(Saved entries)
------------------------------------------------

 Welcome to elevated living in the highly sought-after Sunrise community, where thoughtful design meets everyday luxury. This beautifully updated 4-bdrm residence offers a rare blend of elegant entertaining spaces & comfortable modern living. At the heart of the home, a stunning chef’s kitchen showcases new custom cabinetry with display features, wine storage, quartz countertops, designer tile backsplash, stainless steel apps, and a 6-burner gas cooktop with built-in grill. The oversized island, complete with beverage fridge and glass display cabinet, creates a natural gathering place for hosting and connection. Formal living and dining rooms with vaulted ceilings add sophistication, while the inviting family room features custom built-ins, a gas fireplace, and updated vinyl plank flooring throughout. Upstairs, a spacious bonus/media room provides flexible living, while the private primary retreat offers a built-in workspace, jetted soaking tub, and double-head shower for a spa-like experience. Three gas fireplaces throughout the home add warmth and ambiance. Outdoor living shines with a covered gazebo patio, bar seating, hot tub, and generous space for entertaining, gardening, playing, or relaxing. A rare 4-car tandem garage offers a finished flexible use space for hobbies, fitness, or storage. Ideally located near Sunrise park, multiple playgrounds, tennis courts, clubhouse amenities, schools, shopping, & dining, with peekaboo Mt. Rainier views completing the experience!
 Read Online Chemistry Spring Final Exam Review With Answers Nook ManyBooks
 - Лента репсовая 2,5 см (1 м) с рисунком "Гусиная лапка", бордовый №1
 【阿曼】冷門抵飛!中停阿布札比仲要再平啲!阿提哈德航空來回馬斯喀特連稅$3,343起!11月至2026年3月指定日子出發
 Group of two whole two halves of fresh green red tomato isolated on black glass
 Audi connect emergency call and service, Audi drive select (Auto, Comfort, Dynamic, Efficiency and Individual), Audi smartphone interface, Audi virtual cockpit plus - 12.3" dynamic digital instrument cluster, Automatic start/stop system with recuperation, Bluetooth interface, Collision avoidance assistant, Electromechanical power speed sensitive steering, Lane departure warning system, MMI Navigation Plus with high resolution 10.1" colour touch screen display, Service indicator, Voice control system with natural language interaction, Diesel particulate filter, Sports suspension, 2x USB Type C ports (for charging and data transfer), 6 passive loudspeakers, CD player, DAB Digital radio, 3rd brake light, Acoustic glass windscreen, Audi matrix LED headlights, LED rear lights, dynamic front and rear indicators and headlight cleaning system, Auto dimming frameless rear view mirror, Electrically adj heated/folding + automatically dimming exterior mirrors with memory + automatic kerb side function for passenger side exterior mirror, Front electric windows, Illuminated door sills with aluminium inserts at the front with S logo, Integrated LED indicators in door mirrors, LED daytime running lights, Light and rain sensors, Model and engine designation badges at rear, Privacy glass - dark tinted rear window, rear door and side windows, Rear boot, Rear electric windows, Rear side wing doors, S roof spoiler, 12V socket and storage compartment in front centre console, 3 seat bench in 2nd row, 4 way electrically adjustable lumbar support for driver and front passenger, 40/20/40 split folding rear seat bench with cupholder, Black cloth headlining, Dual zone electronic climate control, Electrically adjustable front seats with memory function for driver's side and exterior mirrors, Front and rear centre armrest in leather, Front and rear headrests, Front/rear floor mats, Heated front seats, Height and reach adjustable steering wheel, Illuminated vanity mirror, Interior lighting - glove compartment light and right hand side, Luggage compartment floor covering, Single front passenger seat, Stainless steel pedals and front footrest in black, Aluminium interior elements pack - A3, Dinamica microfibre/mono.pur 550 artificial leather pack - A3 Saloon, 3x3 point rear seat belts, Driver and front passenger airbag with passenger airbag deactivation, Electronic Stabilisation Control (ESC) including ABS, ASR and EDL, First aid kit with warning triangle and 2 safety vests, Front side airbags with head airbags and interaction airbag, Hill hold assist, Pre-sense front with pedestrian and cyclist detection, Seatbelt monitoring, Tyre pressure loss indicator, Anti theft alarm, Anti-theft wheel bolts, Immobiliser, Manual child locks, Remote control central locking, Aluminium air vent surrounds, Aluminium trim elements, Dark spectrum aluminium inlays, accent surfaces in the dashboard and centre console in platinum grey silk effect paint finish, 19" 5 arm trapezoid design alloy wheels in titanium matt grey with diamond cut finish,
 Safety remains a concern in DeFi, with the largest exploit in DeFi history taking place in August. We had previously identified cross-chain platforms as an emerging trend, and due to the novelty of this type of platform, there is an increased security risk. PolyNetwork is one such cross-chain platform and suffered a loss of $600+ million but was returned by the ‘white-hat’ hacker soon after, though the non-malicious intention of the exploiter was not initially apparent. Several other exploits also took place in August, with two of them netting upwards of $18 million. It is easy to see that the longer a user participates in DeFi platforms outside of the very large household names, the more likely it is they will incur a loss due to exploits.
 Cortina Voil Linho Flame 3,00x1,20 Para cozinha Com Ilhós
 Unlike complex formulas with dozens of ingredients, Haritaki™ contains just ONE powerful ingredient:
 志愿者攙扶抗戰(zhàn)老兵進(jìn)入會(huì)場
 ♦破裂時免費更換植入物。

------------------------------------------------

■ EXERCISE PROMPT ■
Set down exactly the lines of the data above, beginning with the line that has "Read Online Chemistry" and ending with the line that has "Group of two", and no others.

■ EXERCISE OUTPUT ■
 Read Online Chemistry Spring Final Exam Review With Answers Nook ManyBooks
 - Лента репсовая 2,5 см (1 м) с рисунком "Гусиная лапка", бордовый №1
 【阿曼】冷門抵飛!中停阿布札比仲要再平啲!阿提哈德航空來回馬斯喀特連稅$3,343起!11月至2026年3月指定日子出發
 Group of two whole two halves of fresh green red tomato isolated on black glass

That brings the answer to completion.